Creativity and innovation both involve, of course, a mental process, therefore a process of activating the mind and brain. But this mental process, while being rooted in our biological wiring, develops in interaction with a social context, namely cultural context (values and beliefs), spatio-temporal context (material forms of space and time, including the natural environment, that organize and frame social interaction), and institutional context (political institutions, legal environment). Furthermore, any mental process becomes a social process by crossing the biological boundaries of the individual that hosts the originating brain. This border crossing is what we call communication. Therefore, communication is the cornerstone of social life, and therefore of human life, since human life is social, as consciousness, our distinctive feature, is founded in communication. Communication constructs culture, which is the set of values and beliefs informing behavior, as they are enshrined, always in a conflictive way, in the institutions of society. Communication processes depend on the characteristics of the sender, on the characteristics of the receiver, on the context of the process, and, not least, on the technology of communication, that is by the material process through which the signals are produced, transmitted, received, and interpreted. There are distinctive forms of culture depending on distinctive technologies of communication, although the precise forms of interaction between culture and communication technology must be established by research rather than asserted by speculative claims. But we do know that we live in a global, digital culture that is inextricably articulated with a global, digital economy.

Thus, the process of knowledge production and meaning in our time, that is the process of creativity, and its derivative, innovation, are specified by their form of communication, that is microelectronics-based, digitally formatted and transmitted communication built around telecommunicated computer networks and databases. Internet and wireless communication are at the heart of this digital environment of knowledge and meaning production.

Cultural creation and communication have been deeply transformed by the digitization of products and processes (Neuman 2016). The development of Web 2.0 and Web 3.0 have transformed the Internet by increasing the role of users as producers of both content and applications. New business models are redefining intellectual property rights in accordance with technological evolution. Thus, the traditional division between popular culture, high culture, and commercial culture is increasingly blurred (though this blurring does not take place solely because of technological changes). It follows a broadening of the scope of creativity, and the potential for creative processes to migrate from the domains where they are born to other fields of application. For instance, creativity in social software may spur artistic creativity in design or music. Or else, imagining virtual forms of social organization may induce experiments in business innovation or in learning processes, including a transformation of the education system.

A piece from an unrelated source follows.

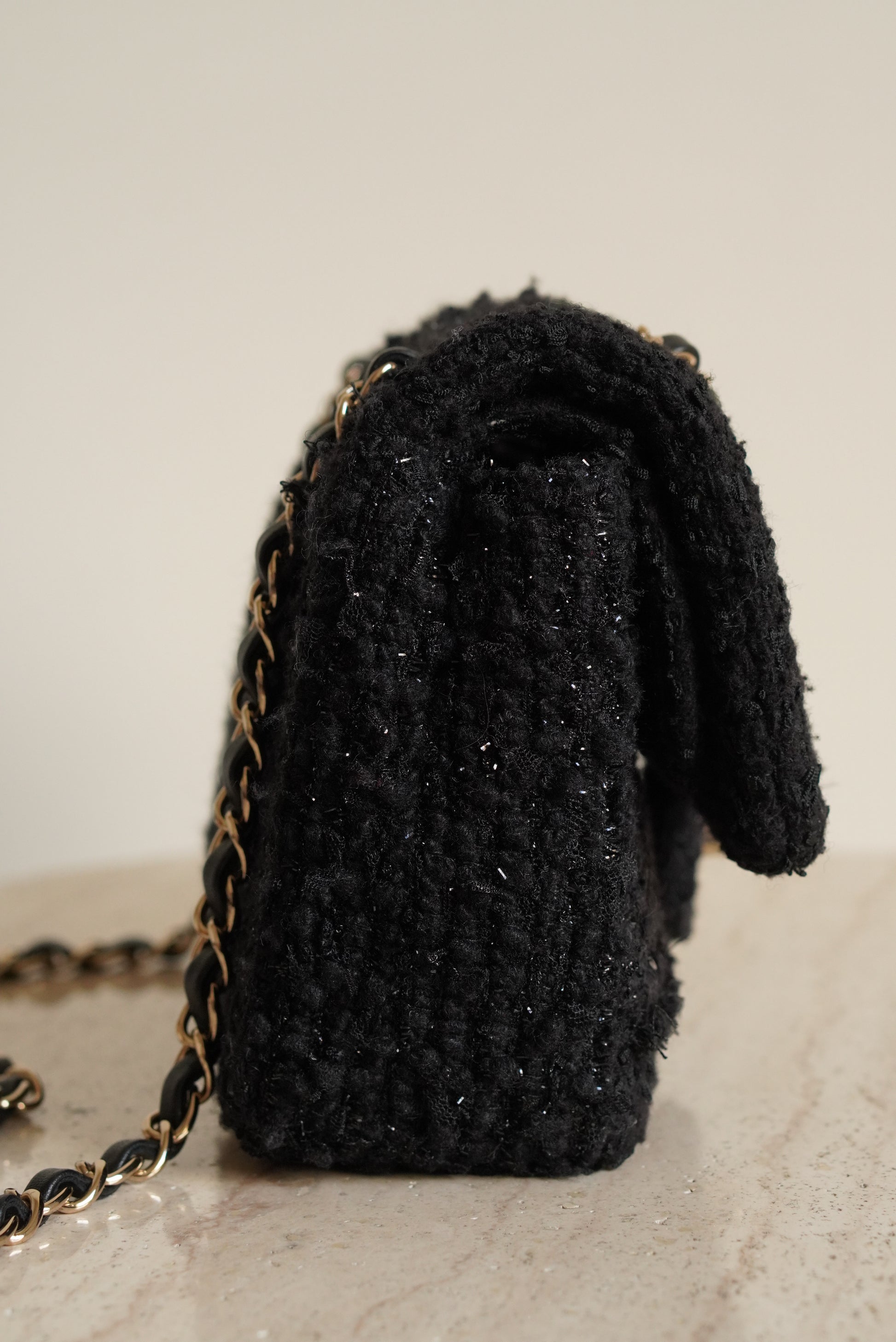 Black Tweed Patchwork with beads, sequins and with light gold hardware

Moreover, thousands of people around the world are already experimenting with hybridization between virtual and non-virtual processes, and with the cross-fertilization of these experiments between different domains of human activity. The key is the interaction between different realms of application of these creative practices, e.g. video games and learning, collaborative art online, new forms of mass self-communication [what Castells (2009) has called mass self-communication], new business models that allow for free production and consumption of content, and new forms of citizen intervention in the polity of societies. There are multiple forms of creative initiatives that take advantage of the possibilities offered by new social software and the networks of digital communication. The new frontier of creativity research seems to be exploring the rivers of creativity currently flowing on the Internet to reconstruct both our theories of human creation and our practices of organizational innovation.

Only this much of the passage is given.